Ms Lovegrove, Oxford
Dear Ms Lovegrove,
I think you just might be. The pictures you describe are a form of “product sabotage”, a tactic used by companies with some pricing power. Some customers are very sensitive to price while others pay less attention to it. The sensible business, then, will try to separate the two groups and charge them different prices for similar products. This can be easier if the cheaper product is given some additional defect that the price-sensitive customer will swallow and the price-blind customer will not.
Examples abound. Tesco Value products are cheap, but the packaging reminds me of an emergency food drop from the United Nations. The “short cappuccino” from Starbucks is cheap – and not advertised on the menu. Most software packages have a cheaper version in which features are disabled at the vendor’s expense. Some hardware does, too.
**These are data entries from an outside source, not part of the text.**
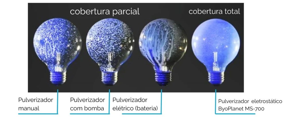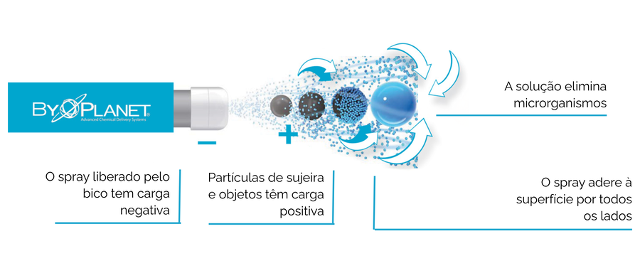 A tecnologia de indução eletrostática ByoPlanet® redefine a higienização de ambientes, proporcionando uma cobertura completa, uniforme e altamente eficiente. Suas microgotículas eletricamente carregadas são naturalmente atraídas pelas superfícies, envolvendo cada ponto de contato – inclusive nas áreas mais difíceis de alcançar.
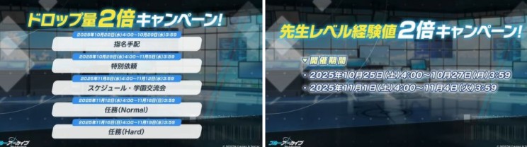 掉落量 2 倍活动将于 10 月 22 日 03:00 至 11 月 19 日 02:59 期间登场;老师等级经验值 2 倍活动分别将从 10 月 25 日 03:00 与 11 月 1 日 03:00 登场,分成两週举办。
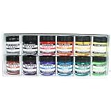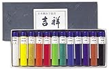 吉祥 水干絵具瓶入12色セット 価格: 3,780円 レビュー評価: レビュー数: 使う時は、膠液で溶いて使います。陶器製の皿に絵具を出し、少しずつ膠液をくわえ、指の腹で練るようにして丁寧になじませます。絵具と膠液がすっかりなじんだら出来上がり。使う時は、水でといて濃度を調整します。量を多く作りたい場合は、乳鉢でよく塊をすりつぶしてから膠液と混ぜていきます。人形の顔や能面を塗るなど、他の工芸・美術に使われて良く知られている胡粉も、水干絵具の仲間です。胡粉の場合は、カキ殻などの貝殻を粉砕して作られたものです。この絵具は、色が豊富で、安価で、意外と扱い易くて、日本画を描いてみたいとお思いの方には丁度いい絵具です。●約20cc棒ビン入12色セット●60・5・9・8・30・34・7・ |
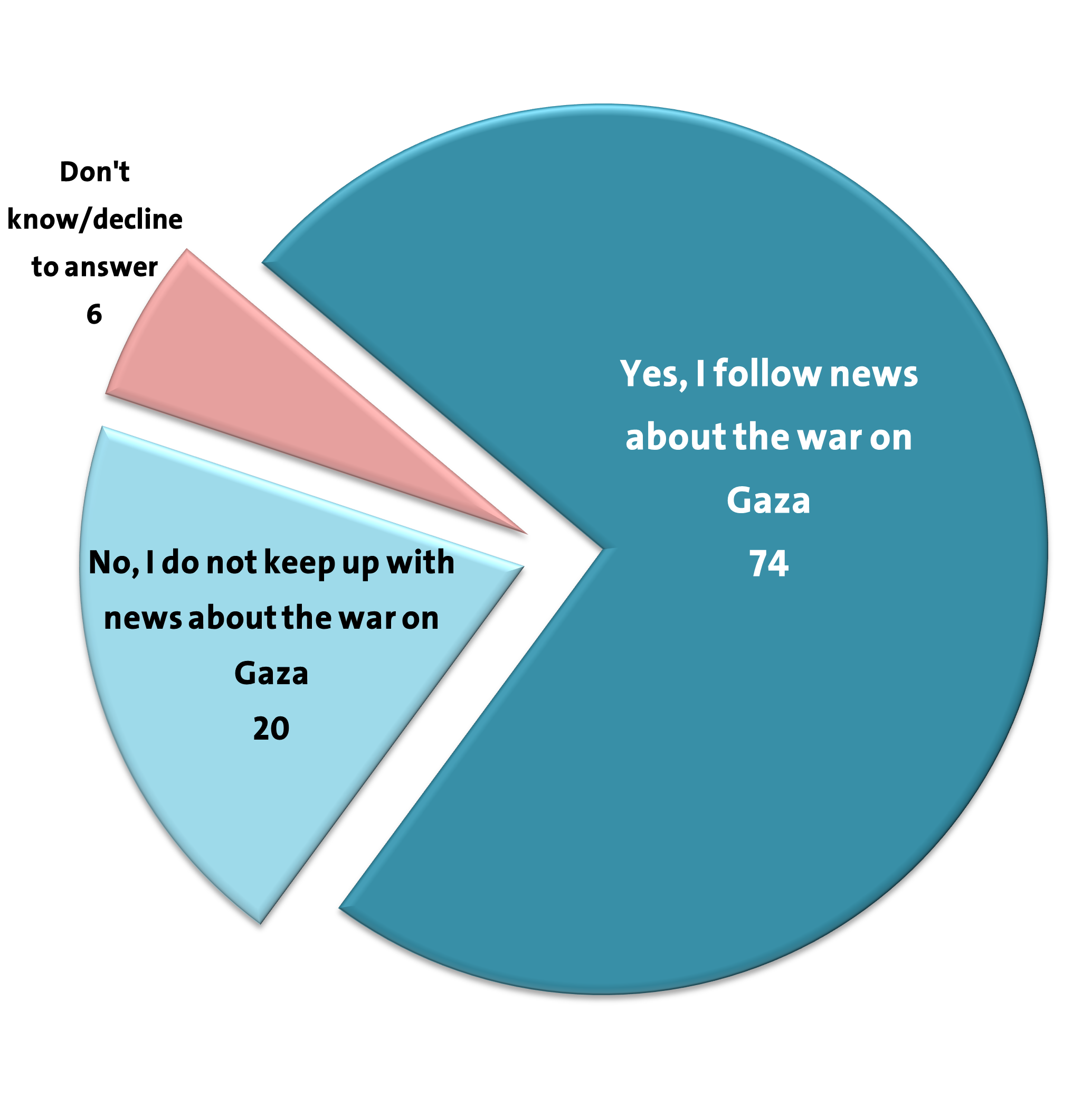 Seventy-four percent reported that they are following the Israeli war on Gaza (figure 6e). Respondents cited several causes for the continuing war, including US military and political support for Israel and Arab countries’ lack of support for Gaza.

The government could allow the sale of tobacco under two different conditions: the current version, with tax and disturbing pictures, and a “guilt-free” version with no pictures but a higher tax. The effect would be something to test, but I would expect school children and the poor to choose the traditional version, while older and more affluent smokers would buy the premium version. I would guess that with two different schemes available, the government should be able to discourage more smokers while also raising extra cash.
Or perhaps I am just smoking something.
Also published at ft.com.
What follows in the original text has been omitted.